Let’s start with the house. Kevin and Jackie came to Denver last November and stayed with Jessica and I for a couple weeks while they looked for, and until they could get into, their new apartment. While walking their dog around the block, they noticed the triplex just behind our current rental duplex is for sale. I think Jackie jokingly said something like “we could all buy that and move there.” After talking about it a bit more, it didn’t seem so ridiculous. So we started looking at different multi-unit housing for sale around Denver.

I don’t even know how many places we’ve looked at by now, but it’s a lot. We just made our first offer on a place yesterday, and we should get a counter-offer in another hour or two today. The specific house we’re offering to buy is… wait for it… the one just behind our current rental. We’ll know soon if we’re buying that or continuing to look.

So now the company. While Kevin and Jackie were between jobs, and to a lesser extent since they’ve both found jobs around Denver, they’ve spent a lot of time helping out with Playing Here. As a result, the site is crazy busy now, which means it takes even more work to maintain. So now we need more people to do this work, and — lacking volunteers — we need to pay these people. To do that, we need an actual company with a tax ID and limited liability and a business bank account and whatnot. So now we have all that as Make Data Make Sense, LLC, as well as a vague business plan for sustaining and growing the site. We should know in the next six months or so whether or not this plan will work out.

So I’ve been looking at houses and working on Playing Here most nights and weekends. By day, I continue to work as a web developer at The Integer Group, which I can’t link to without disclaiming that I didn’t make the website. Since I last wrote here, I’ve lost two part-time coworkers, which sucked because I’d only been less than six months and suddenly I was responsible for everything web related. But I’ve been working on some fun projects and it looks like I’ll have another co-worker or two soon. This will be my first experience as the senior member of a team, so that should be interesting.

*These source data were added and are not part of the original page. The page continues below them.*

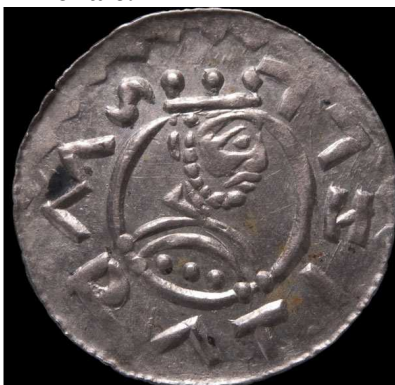
Denár Vratislava II.
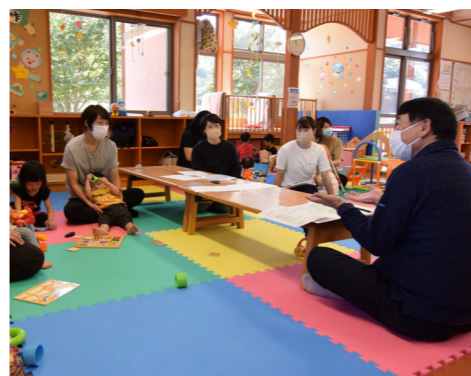
広聴事業動く町長室の様子

施策の目指す姿 ◇町民・議会・行政が、互いの役割を認識し、協働のまちづくりを進める意識の高揚が図られています。 わたしたちができること ◆行政や地域の情報に目を向け積極的に参画します。
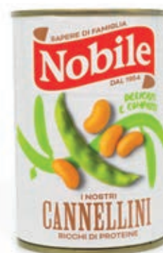
LEG111 CANNELLINI 12 X 0.4
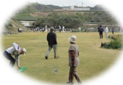
11/10 グラウンドゴルフ大会の様子

So back to Kevin’s suggestion that bloggers are looking for better jobs. I think that’s only true to the extent that people looking for better jobs have time to write, either because they’re unemployed or because they don’t have enough interest in their current jobs to spend any more time than necessary on that. Bloggers are just people who have time to write. I wrote about this about 4 years ago (back when I didn’t bother with capitalization) in because i have ample free time. Specifically, I said:

what makes bloggers more elite? having computers for one. and having free time to read and write. heck, having electricity. what doesn't make bloggers more elite? doc's suggestion that "it doesn't take ample free time" is simply not true. it does take ample free time.

I still think that’s true. And while people looking for jobs is one group that has ample free time, other groups include professional writers (e.g. Doc Searls) and students. I started blogging as a student, but I continued blogging through my first several jobs out of college, up until this one. And while I do like my current job more than any previous job, I also liked my previous job more than any before that. I wasn’t really looking for this job when it appeared, so that’s not why I kept writing.

But why did I keep writing then and stop just recently? I think there are several factors, but the main one is that I wasn’t as busy when I was writing as I am now. But with everything making me busy promising to come to some resolution relatively soon, it looks likely I’ll be less busy soon, so maybe I’ll start writing more again, even though I still won’t be looking for a better job.